Exploring Regression Results using Margins

Once you've run a regression, the next challenge is to figure out what the results mean. The margins command is a powerful tool for understanding a model, and this article will show you how to use it. It contains the following sections:

  1. OLS Regression (With Non-Linear Terms)
  2. Logistical Regression
  3. Multinomial Logit

Sections 1 and 2 are taken directly from the Statistics section of Stata for Researchers (they are reproduced here for the benefit of those looking specifically for information about using margins). If you're familiar with that material you can to skip to section 3.

OLS Regression (With Non-linear Terms)

The margins command can only be used after you've run a regression, and acts on the results of the most recent regression command. For our first example, load the auto data set that comes with Stata and run the following regression:

sysuse auto
reg price c.weight##c.weight i.foreign i.rep78 mpg displacement

Levels of the Outcome Variable

If you just type:


all by itself, Stata will calculate the predicted value of the dependent variable for each observation, then report the mean value of those predictions (along with the standard error, t-statistic, etc.).

If margins is followed by a categorical variable, Stata first identifies all the levels of the categorical variable. Then, for each value it calculates what the mean predicted value of the dependent variable would be if all observations had that value for the categorical variable. All other variables are left unchanged. Thus:

margins foreign

first asks, "What would the mean price be if all the cars were domestic?" (but still had their existing weights, displacements, etc.) and then asks "What would the mean price be if all the cars were foreign?"

margins rep78

does the same for all five values of rep78, but since there are so many of them it's a good candidate for a graphical presentation. The marginsplot command takes the results of the previous margins command and turns them into a graph:


For continuous variables margins obviously can't look at all possible values, but you can specify which values you want to examine with the at option:

margins, at(weight=(2000 4000))

This calculates the mean predicted value of price with weight set to 2000 pounds, and then again with weight set to 4000 pounds. Think of each value as a "scenario"—the above scenarios are very simple, but you can make much more complicated scenarios by listing multiple variables and values in the at option. The margins output first assigns a number to each scenario, then gives their results by number.

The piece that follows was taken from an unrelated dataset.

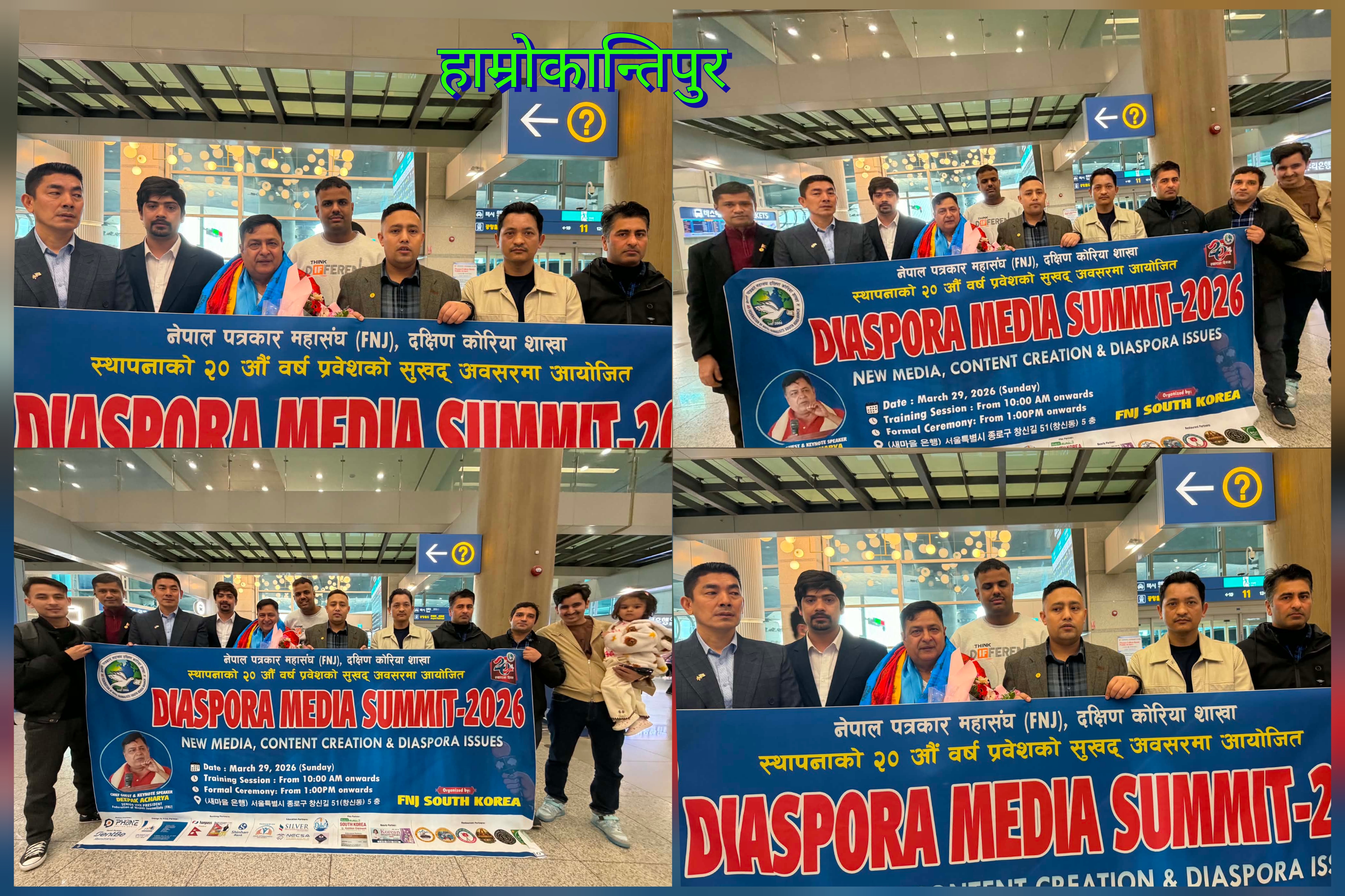 DIASPORA MEDIA SUMMIT-2026 कार्यक्रमको लागि व.उपाध्यक्ष आचार्य काेरिया प्रस्थान हुनुभएको छ। नेपाल पत्रकार महासंघ केन्द्रीका वरिष्ठ उपाध्यक्ष दीपक आचार्य FNJ कोरिया शाखाको २०औँ वर्ष प्रवेशको..

The values are specified using a numlist. A numlist is a list of numbers just like a varlist is a list of variables and, like a varlist, there are many different ways to define a numlist. Type help numlist to see them all. The simplest method is just to list the numbers you want, as above. You can also define a numlist with the by specifying start (interval) end:

margins, at(weight=(1500 (500) 5000))

This calculates the mean predicted value of price with weight set to 1500, 2000, 2500, etc. up to 5000. (The actual weights range from 1760 to 4840.) Again, this is a good candidate for a graphic:


Effect of a Covariate

If you want to look at the marginal effect of a covariate, or the derivative of the mean predicted value with respect to that covariate, use the dydx option:

margins, dydx(mpg)

In this simple case, the derivative is just the coefficient on mpg, which will always be the case for a linear model. But consider changing weight: since the model includes both weight and weight squared you have to take into account the fact that both change. This case is particularly confusing (but not unusual) because the coefficient on weight is negative but the coefficient on weight squared is positive. Thus the net effect of changing weight for any given car will very much depend on its starting weight.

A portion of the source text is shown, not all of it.